Harry closed the door, turned to wash her hands in the sink, and noticed her yearbook and a 1950 yearbook resting on the table side by side. She opened the 1950 yearbook and saw Tracy's name in youthful script in the upper right-hand page. Strips of paper marked her yearbook. She flipped open to each one. Tracy had marked all the photographs in which Charlie Ashcraft and Leo Burkey appeared.
She closed the book and walked outside toward the sound of the pounding.
Tracy, shirt off, replaced worn fence boards with good, pressure-treated oak boards, piled neatly in one paddock.
"Tracy, you must be a good fairy or whatever the male version is." She smiled.
He pushed back his cowboy hat. "Oak lasts longer."
"Please give me the bill for the wood and the groceries.

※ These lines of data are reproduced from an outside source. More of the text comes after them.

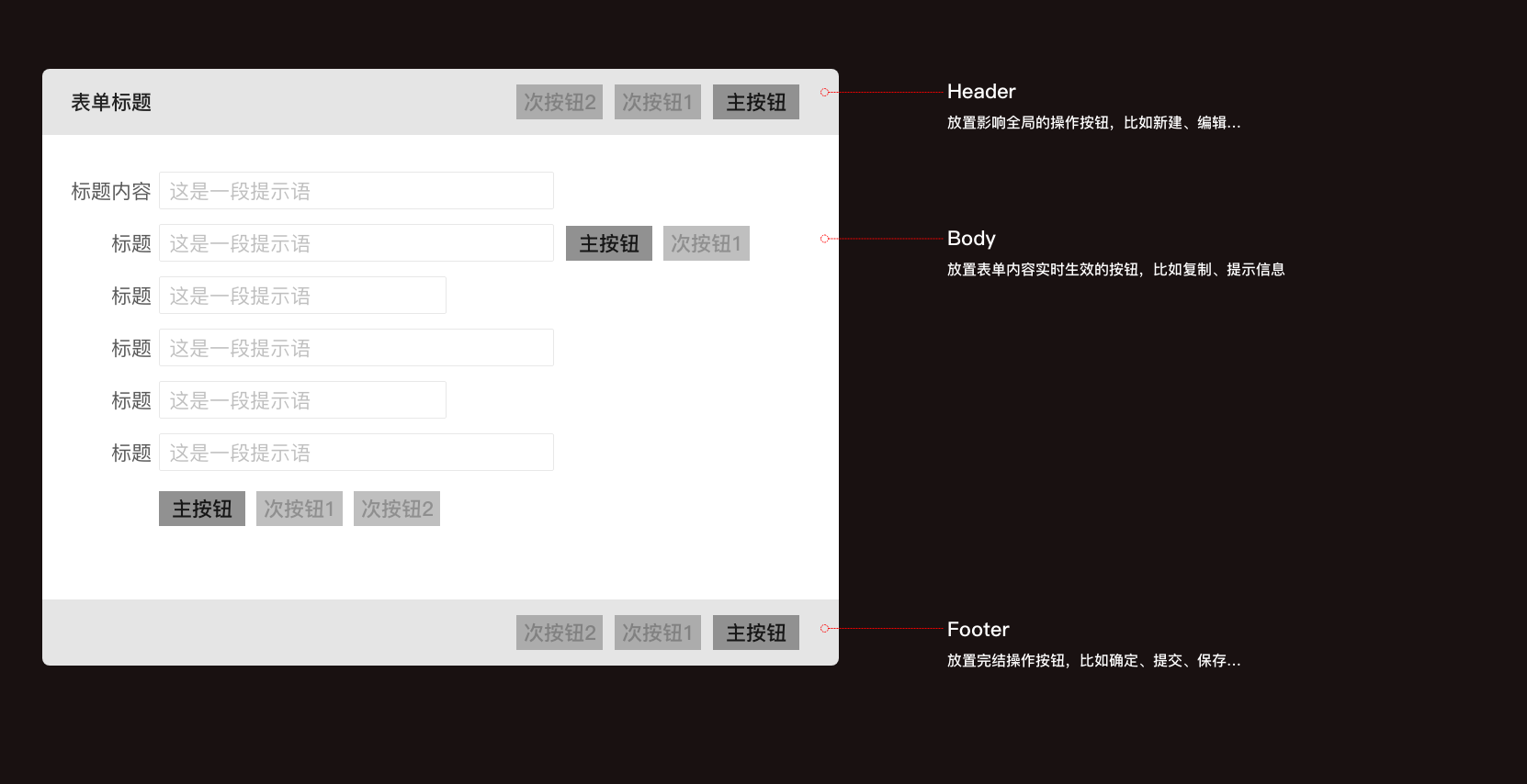 表單中比較常見的按鈕大概有“保存”、“提交”、“取消”、“關閉”、“暫存”、“下一步”、“上一步”...由于B端產品業務邏輯較復雜通常頁面中會有很多操作按鈕,為了更快捷準確的操作,就需要對按鈕按照重要程度分為主按鈕,次級按鈕;為了達到這樣的目的僅僅依靠按鈕樣式還遠遠不夠,還得根據視覺動線給出合理的排列順序。關于按鈕順序,最常見的疑問是主按鈕應該在次級按鈕左邊還是右邊,這里建議使用基于Ant Design 的設計原則,將規范定為:左對齊從左往右閱讀,右對齊從右往左閱讀;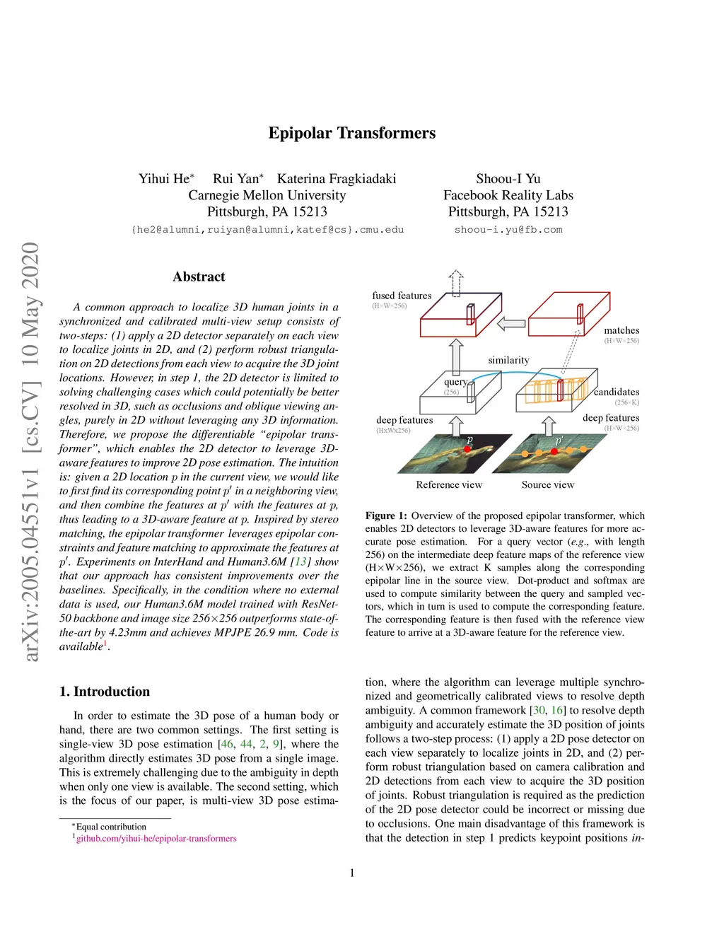 A common approach to localize 3D human joints in a synchronized and calibrated multi-view setup consists of two-steps: (1) apply a 2D detector separately on each view to localize joints in 2D, and (2) perform robust triangulation on 2D detections from each view to acquire the 3D joint locations. However, in step 1, the 2D detector is limited to solving challenging cases which could potentially be better resolved in 3D, such as occlusions and oblique viewing angles, purely in 2D without leveraging any 3D information. Therefore, we propose the differentiable "epipolar transformer", which enables the 2D detector to leverage 3D-aware features to improve 2D pose estimation. The intuition is: given a 2D location p in the current view, we would like to first find its corresponding point p' in a neighboring view, and then combine the features at p' with the features at p, thus leading to a 3D-aware feature at p. Inspired by stereo matching, the epipolar transformer leverages epipolar constraints and feature matching to approximate the features at p'. Experiments on InterHand and Human3.6M show that our approach has consistent improvements over the baselines. Specifically, in the condition where no external data is used, our Human3.6M model trained with ResNet-50 backbone and image size 256 x 256 outperforms state-of-the-art by 4.23 mm and achieves MPJPE 26.9 mm.
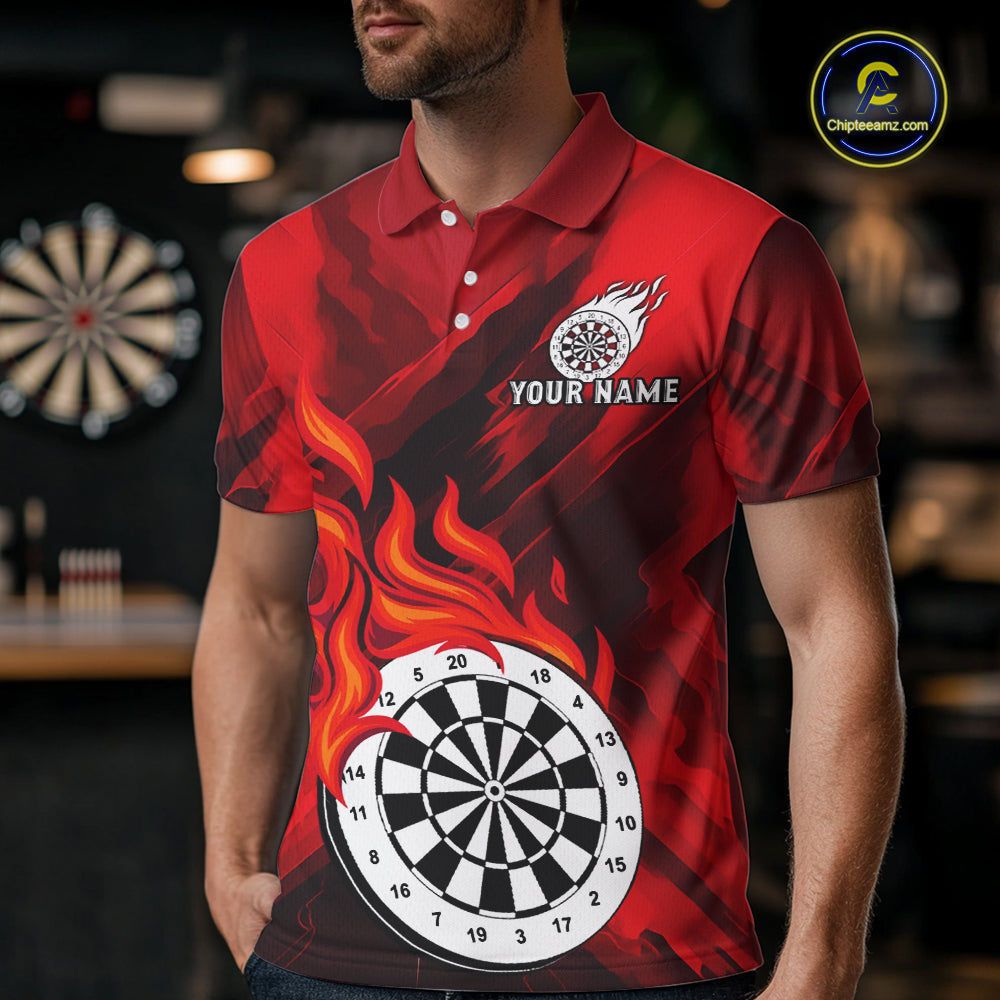 Custom Red Flaming White Dartboard Dart Polo Shirt For Men Outfits Dart Jerseys NYN1609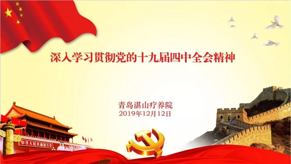 毛勇强调,全体党员干部和职工要认真学习贯彻党的十九届四中全会精神,原原本本学、逐字逐句学、系统深入学,把学习贯彻全会精神与巩固“不忘初心、牢记使命”主题教育成果紧密结合起来,与湛疗各项工作紧密结合起来,以党的政治建设为统领,把各项工作向前推进,向上提升,把湛疗打造成为全国一流的职工疗休养基地,行业领先的职工健康管理中心,具有特色的医疗康复中心,做新时代疗休养事业的排头兵、领头雁,为实现“两个一百年”奋斗目标、实现中华民族伟大复兴的中国梦而努力奋斗。

Otherwise, I'll feel like I'm taking advantage of you."
"I love for women to take advantage of me." He laughed. "Besides, you don't know how good it feels to be doing something. Bet the post office was wild today, wasn't it?"
She knew he'd changed the subject because he didn't want to hear anything more about repayment. "Yes."
"Damn fool thing. I read through your yearbook. I hope you don't mind."
"No."
"Dead bodies don't bother me. Got used to that in Korea. But wanton killing, that bothers me."
"Me, too. Can't make rhyme or reason of this."
"Patience." He lifted another board, she grabbed the far end to help.
"What's that expression, 'Grant me patience, Lord, but hurry.' I recall Mom saying that a lot." She stepped to the side, nearly stepping on Tucker, who jumped sideways. "Sorry, Tucker."
"Cutest dog."
"Thank you." Tucker cocked her head at Tracy.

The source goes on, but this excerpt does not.